Le divise della squadra olimpica statunitense sono “made in China”. E negli Stati Uniti scoppia la polemica. Ralph Lauren, che veste gli atleti della nazionale, si è avvalso di manodopera cinese a basso costo, scelta che non è stata accolta in maniera positiva. Contro il marchio si sono schierati attivisti dei diritti umani, stilisti e senatori.

“Sono veramente arrabbiato. Penso che il comitato olimpico dovrebbe vergognarsi. Credo che dovrebbero prendere tutte le divise, ammucchiarle, bruciarle e ricominciare tutto da capo”, ha detto alla conferenza sulle tasse tenutasi a Capitol Hill il leader della maggioranza democratica in senato, Harry Reid.

“E’ veramente preoccupante, perché avrebbero potuto fabbricarle qui negli Stati Uniti, a New York o in qualsiasi altra città dove ci siano ancora fabbriche”, ha dichiarato la stilista Nanette Lepore alla Cnn.

Il dibattito si è acceso al Congresso, dove repubblicani e democratici ne hanno discusso giovedì. La scelta di produrre in Cina in un momento di crisi dell’industria tessile americana, con centinaia di persone alla disperata ricerca di un lavoro, è stata giudicata sbagliata da entrambi gli schieramenti.

Steve Israel, democratico membro della Camera dei rappresentanti per lo stato di New York, ha sostenuto che le uniformi potrebbero essere rifatte, sul territorio statunitense, in tempo per le olimpiadi di Londra. “Made in America – ha detto – non è solo un’etichetta, ma una strategia economica”.
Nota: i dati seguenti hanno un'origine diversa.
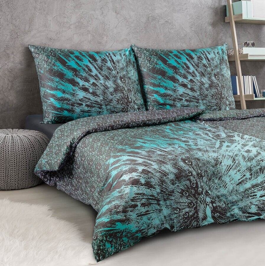 Veba Povlečení satén Geon Páv šedotyrkysová 140x200, 70x90 cm
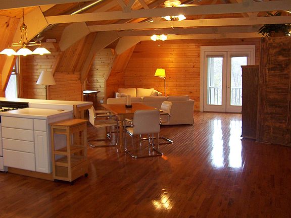 Excellent schools, privacy and waterfront. Change Your View - & Your Life This is a beautiful two-bedroom, second-floor, water's-edge, 1250 square foot barn-loft home - an open space, unique, rustic, tranquil, private, country loft-home with a lower level attached garage tucked-in off a country road on a small lake. Yet you are just 10 minutes from the NW Train Lines and all the conveniences of Crystal Lake as well as the excellence of the Prairie Grove school system. This open-floor-plan two-bedroom home occupies the entire second level of a renovated horse barn and has a dedicated 10' x 30' garage bay directly below.. The home has historically housed one or two individuals, has cathedral ceilings, plenty of large windows and is tucked-in next to woods and a small lake. The walls and cathedral ceilings are knotty pine; the floors are beautiful hardwood oak. This cabin-like home has a full kitchen, full bath, natural gas forced-air heat, four large attractive ceiling fans, dishwasher hookups, two sets of large French doors, central AC and a dedicated 150 square foot laundry and storage room on the first level with utility tub, washer and dryer. The monthly rent for the two-bedroom home - including the lower level one and 1/2 bay garage is $1900 plus gas & electric. Available immediately. The barn-loft home is part of a family compound that sits on 3.3 acres with a small lake and is surrounded by 1,000 + acres of forever wild and farm land. This property is very secluded and private in all directions. All this living space and privacy is just 10 minutes from the Northwestern Train line and downtown Crystal Lake. No Pets. No Smoking. The security deposit is one and one-half month's rent. Inquire for additional details and/or to schedule a viewing.
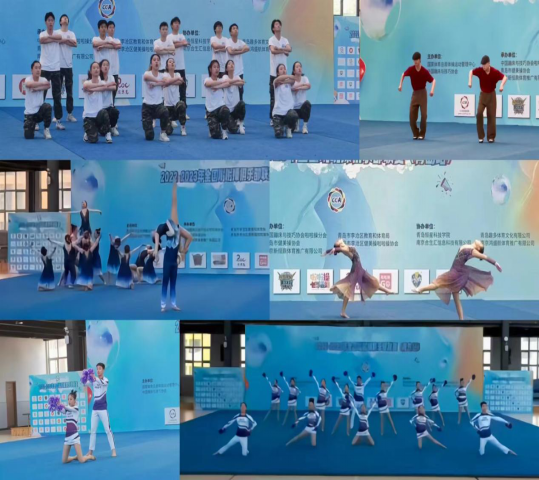 2022-2023年全国啦啦操联赛(青岛站)由国家体育总局体操运动管理中心和中国蹦床与技巧协会主办,采取网络直播与线下比赛的方式,于4月28日至4月30日于山东省青岛市举行,共有来自全国的1000名运动员参赛。我校派出38名队员,共获得学校U28组(28岁及以下)——双人爵士自选动作、双人花球自选动作、双人街舞自选动作、集体爵士自选动作、集体花球自选动作和集体街舞自选动作六个项目冠军。
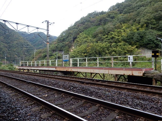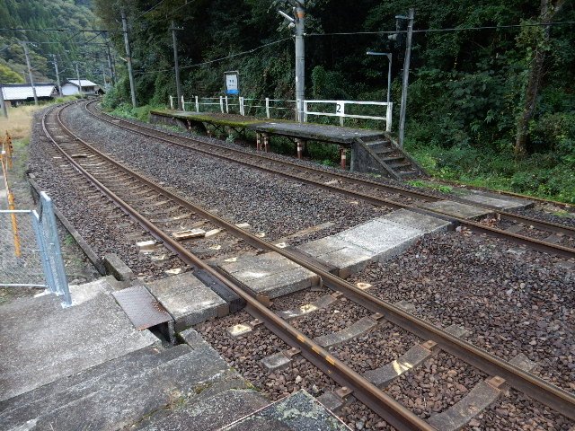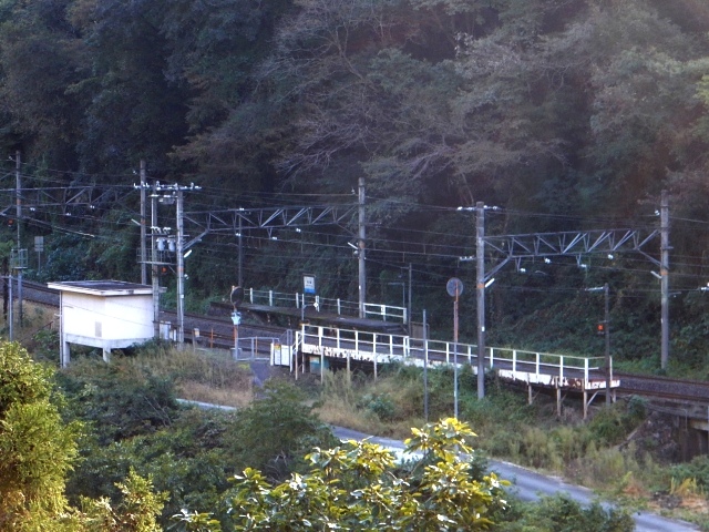 途中の道路から駅が見えますが、山の谷間に作られた信号場の雰囲気
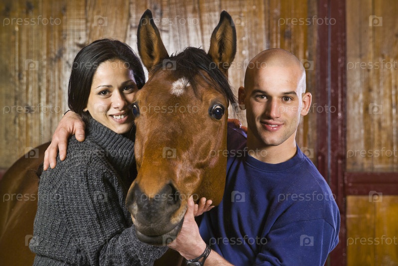 Молодая пара с конем
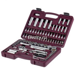 • Головки торцевые подробно 1/4": 4, 4.5, 5, 5.5, 6, 7, 8, 9, 10, 11, 12, 13, 14 мм; длинные 1/4": 6, 7, 8, 9, 10, 11, 12, 13 мм; с битами 1/4": SL4, SL5.5, SL6.5, H3, H4, H5, H6, T8, T10, T15, T20, T25, T30, PH1, PH2, PZ1, PZ2; трещотка 1/4"; вороток т-образный 1/4"; удлинитель 1/4": 50, 100 мм; карданный шарнир 1/4"; 1/2" (12-гр): 10, 11, 12, 13, 14, 15, 16, 17, 18, 19, 21, 22, 24, 27, 30, 32 мм; длинные 1/2" (12-гр): 14, 15, 17, 19, 22 мм; трещотка 1/2"; карданный шарнир 1/2"; свечные 1/2": 16, 21 мм; удлинитель 1/2": 125, 250 мм
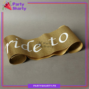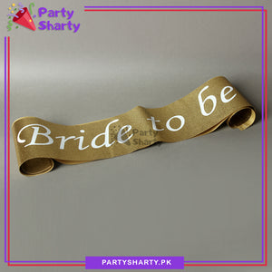 - This lovely made "Bride to Be" sash is sparkling with a glittered and screen lettering. It's fashionable, durable, and washable. This fashionable sash can be worn for any Bridal shower theme. Perfect for the Bachelorette Party too!
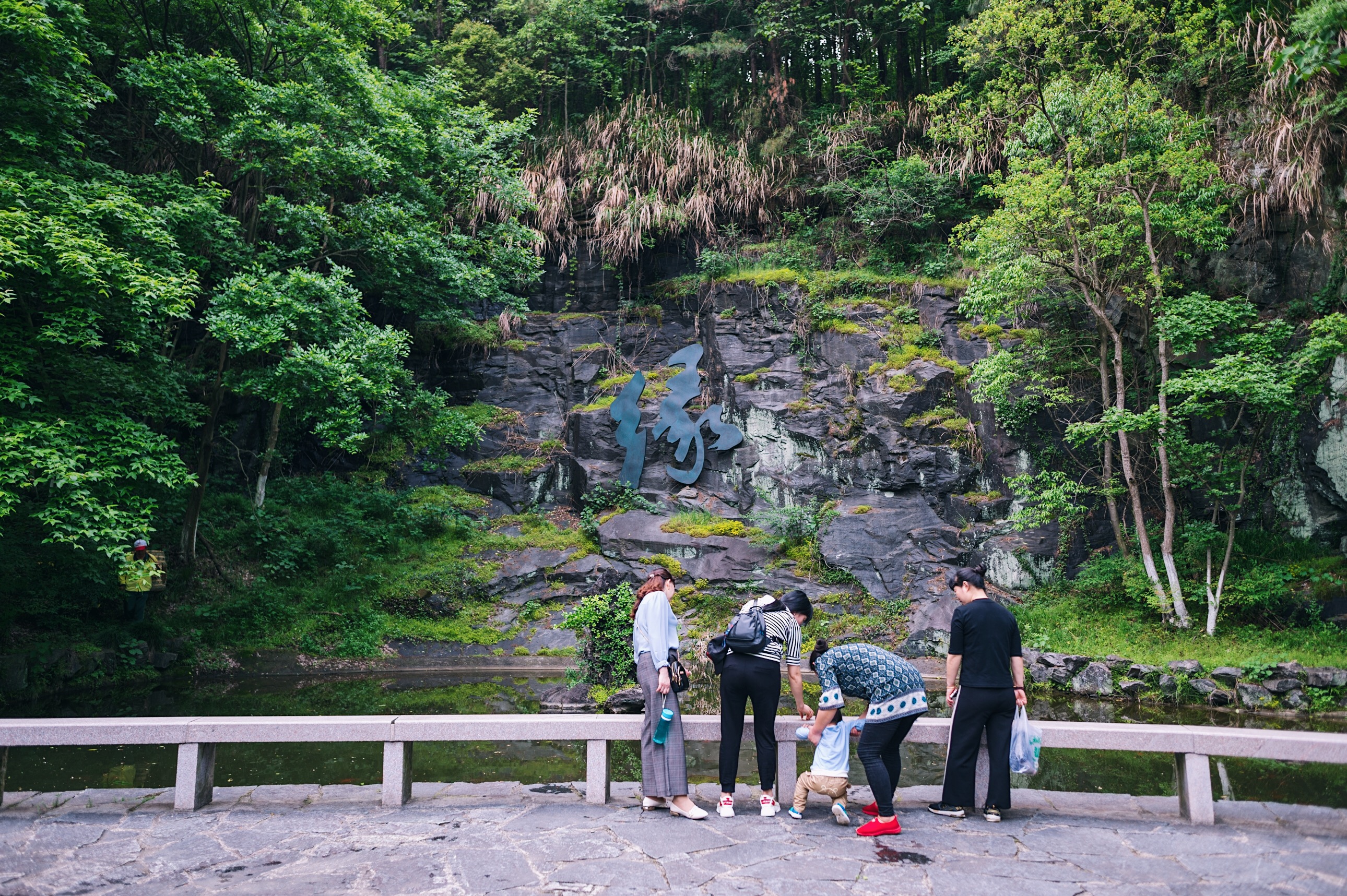 沿着流泉旁的小径前行,抬眼看着石壁,风格各异的书法和诗句无意之间成为了一道亮丽的风景线。不管是这里的瑰丽的书艺还是各种优美的诗句,都值得我们去探索和学习,这里应该是亲子游和学生的夏令营的好去处,在游山玩水的同是还能学习到知识。

Ci si è messa anche un'attrice e attivista dei diritti umani come Mia Farrow, che si è servita di Twitter per chiedere spiegazioni allo stilista: “Per favore, ci diresti perché le uniformi olimpiche degli Usa sono fatte in Cina? Perché non negli Stati Uniti?”. E ne ha approfittato per appoggiare la proposta di Reid: “Bruciatele e rifatele da capo. Che ne dite?”, ha twittato.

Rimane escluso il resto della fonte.